Sene tilted her head. "The point of what."

"Nothing."

Sene considered that, then hummed again—two notes this time. They wobbled, searching. Mara closed her eyes.

"…you're dragging the second note," she said, too gently to be a scold.

"Oh?" Sene smiled. "Then help me."

Mara hesitated. The melody rose anyway, not as sound at first but as shape. She let it out carefully, under her breath, more breath than voice.

"—sleep now, my darling" she murmured.

Sene joined her without thinking.

"— don't listen too close—"

"—count the lights, not the stars— Morning comes if you don't ask why"

They stopped.

The silence afterward felt crowded.

Sene laughed. "Why do we always stop there."

Mara's throat tightened. "Because it's enough."

"For who."

"For us."

Sene was still. Her voice came smaller now, stripped of teasing. "You used to sing it when you thought I was asleep."

Mara opened her eyes. "You were asleep."

"I wasn't," Sene said. "I just didn't want you to stop." 

The words hung between them, heavier than the song.

After a while, Sene spoke again, softer, already drifting. "Promise me something."
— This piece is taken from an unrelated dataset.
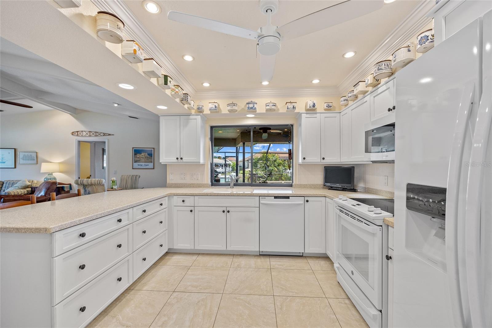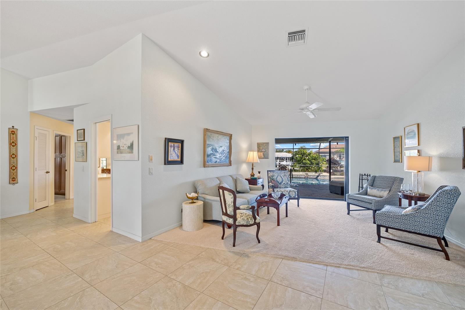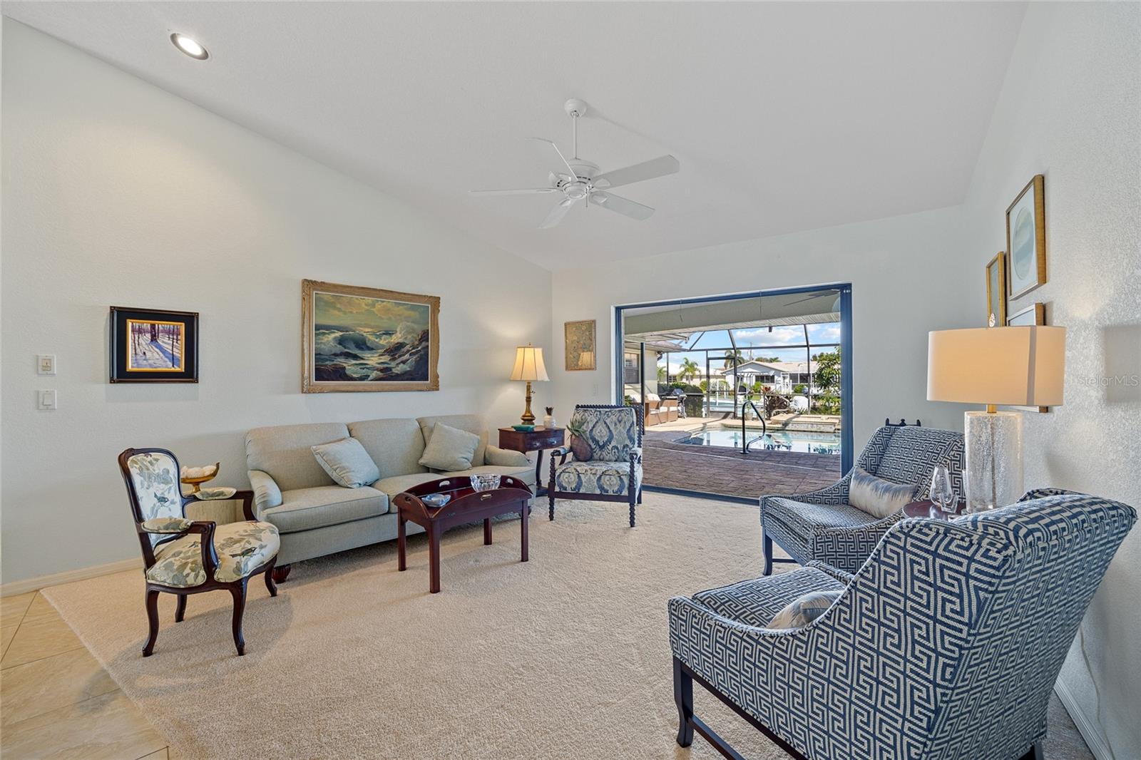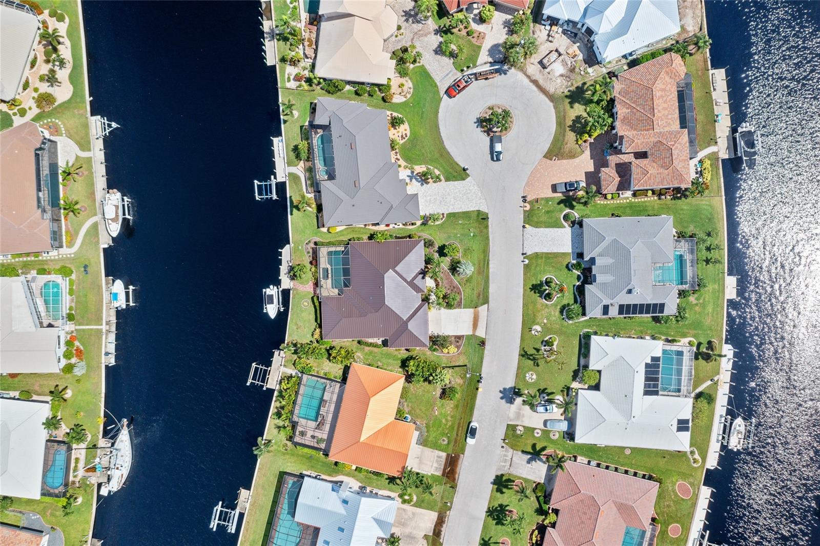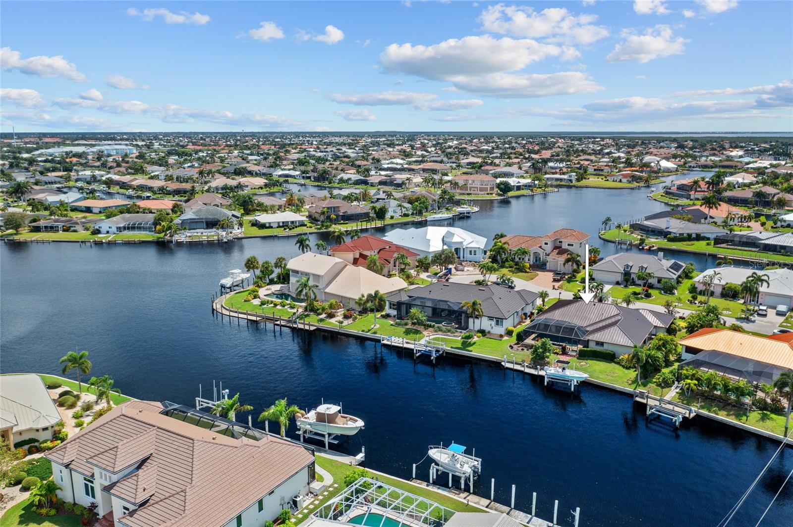 PRIME WATERFRONT LOCATION! EXCEPTIONAL 3 BEDROOM, 2 BATH, 2-CAR GARAGE POOL HOME WITH MERE MINUTE DEEP WATER SAILBOAT ACCESS TO CHARLOTTE HARBOR LEADING TO THE GULF OF MEXICO! A boater's dream, the property features about 70 feet of waterfrontage, a concrete dock equipped with water and electric, and a 10,000 lb. boat lift plus beautiful intersecting canal views. New premium metal roof, new A/C and new hot water heater. Inside, you'll find a bright and open layout with high ceilings and tasteful neutral decor, accented with plantation shutters. The formal living and dining areas seamlessly connect to the outdoor space through pocket sliders, leading you to a fabulous lanai. This expansive outdoor oasis includes a 14’ X 28’ screened heated pool and spa, perfect for relaxation and entertaining. The kitchen is well-appointed with light cabinetry, tiled backsplash, convenient pass-thru window, and breakfast bar. Enjoy meals in the casual dining area overlooking a sunlit family room with a charming bay window. The primary suite is true retreat, featuring tray ceiling, slider to the lanai, and private bath with dual vanities, walk-in closet and walk-in shower. The split floor plan offers privacy for guests, with two additional bedrooms featuring walk-in closets and a separate full bath with pool access. Other highlights include a screened-in front porch, laundry room with a desk, cabinets, and closet, hurricane protection, irrigation system, and lush tropical landscaping. Located in a vibrant golf and boating community, this home is just minutes from the Yacht Club, Fishermen's Village, and the historic downtown area of Punta Gorda. Enjoy arts, community events, entertainment, world-class fishing, boating, fine dining, as well as easy access to the SWFL gulf beaches. Great area for riding bikes and walking with Ponce De Leon Park only 1.5 miles away. Don't miss the opportunity to own this piece of paradise. Schedule your private showing today!

Mara turned her head. "What."

"If you ever remember the rest," Sene said, eyes closed now, "don't sing it alone."

Mara nodded, even though Sene couldn't see it.

"I won't."

Satisfied, Sene finally slipped into sleep.

The room settled. The city resumed its careful quiet.

Mara lay awake, listening to the place where the song had ended. Her chest felt warm in a

way that didn't belong to comfort. She did not try to finish the melody in her head.

Some things stayed safer unfinished. Then—

Outside the narrow window, a shadow moved at the alley's lip.